Что же там за гробом?

Где душа витает?

Что там ожидает

В небе человека?..

Будет ли он вечно

Жизнию особой

Жить, не умирая?

Иль своей чредою

Обратится снова

К первому Началу,

И в едино слившись

Неразрывно с Богом,

Потеряться должен

В беспредельной жизни?..

Теперь — поют трисвятое, — и милосердное Небо сказывает мне тайну загробной жизни: там, говорит, несть болезнь, ни печаль, ни воздыхание, но жизнь безконечная; там праведницы просветятся яко солнце, в царствии Отца их[6], где уготованы им обители многи[7]; там к отшедшим, которые умели

Терпеньем, верой заслужить

Себе небесное веселье,

Тогда придет его делить

Сам Бог на новоселье…

Да, милостивые государи, в эти минуты, действительно,

И верится, и плачется,

И так легко, легко…

Собеседники мои молчали; я продолжал: — Знаю опять, что наше церковное пение потому еще не нравится многим, что оно, как заметили мне однажды, слишком обнажено, просто. Оно, если хотите, с одной стороны, так, а с другой — не так. Если коснемся внешнего выполнения, то пение и должно быть просто. Древние христиане не заботились о витиеватости своих песней; они пели безыскуственно, так что, по свидетельству современных писателей, пение их больше походило на распевное чтение, чем на пение в строгом смысле. Подражая им, и мы не должны украшать нашего песнопения внешней витиеватостью, потому что она всегда вредит, отвлекая внимание певца и слушателя от предмета воспеваемого. Что ж касается до внутреннего его содержания, до духа, — то оно непросто. Не в звуках, а в словах воспеваемых содержится та внутренняя сила, которая движет волю и сердце молящегося. Просто всякому известно пение таинственного: Иже херувимы; не витиевата, по внешности, песнь: Чертог Твой вижду, Спасе мой; нет изысканных мотивов в погребальном стихе: Благообразный Иосиф; нет особенно восторженных излияний в радостном: Христос воскресе: но скажите откровенно, — с чем сравнится то движение сердца, которое всякий раз испытывает верующая душа, внимающая сим песнопениям? Кто не падал ниц при словах: Просвети омрачение души моея, Светодавче! Кто не плакал ни разу в жизни от радости, услышав в первый раз в году: Христос воскресе!..

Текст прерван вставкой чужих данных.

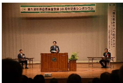
主催者挨拶（青山長官）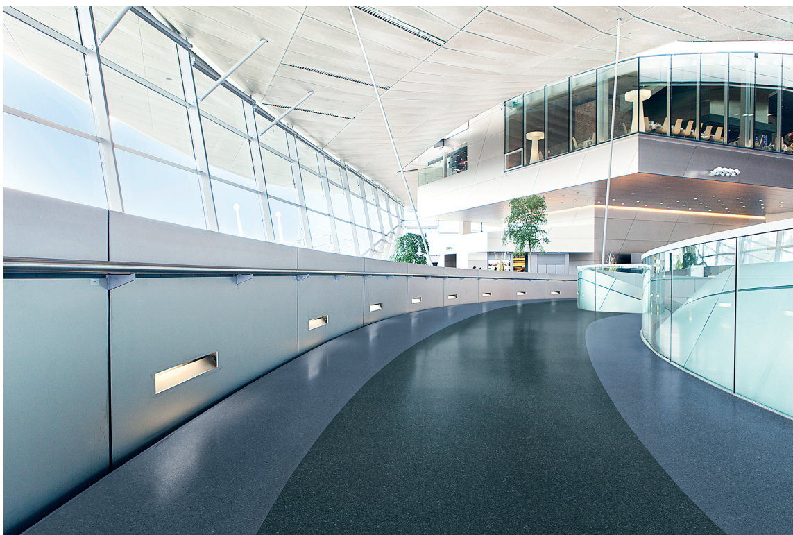
Upofloor er en av Ehrenborgs bestselgere i Norge.

— Прекрасно, — сказал господин с огромной лысиной, — но ведь это для нас с вами так оно кажется, потому что обстановка, обстановка действует на ваши чувства, потому что душа ваша уже предзанята ожиданием впечатлений; на всякого другого, как говорится, не нашего прихода, сомнительно, чтоб это имело такое же действие, тогда как музыка инструментальная есть язык общий, понятный всем и каждому, без отношения к обстоятельствам того или другого быта.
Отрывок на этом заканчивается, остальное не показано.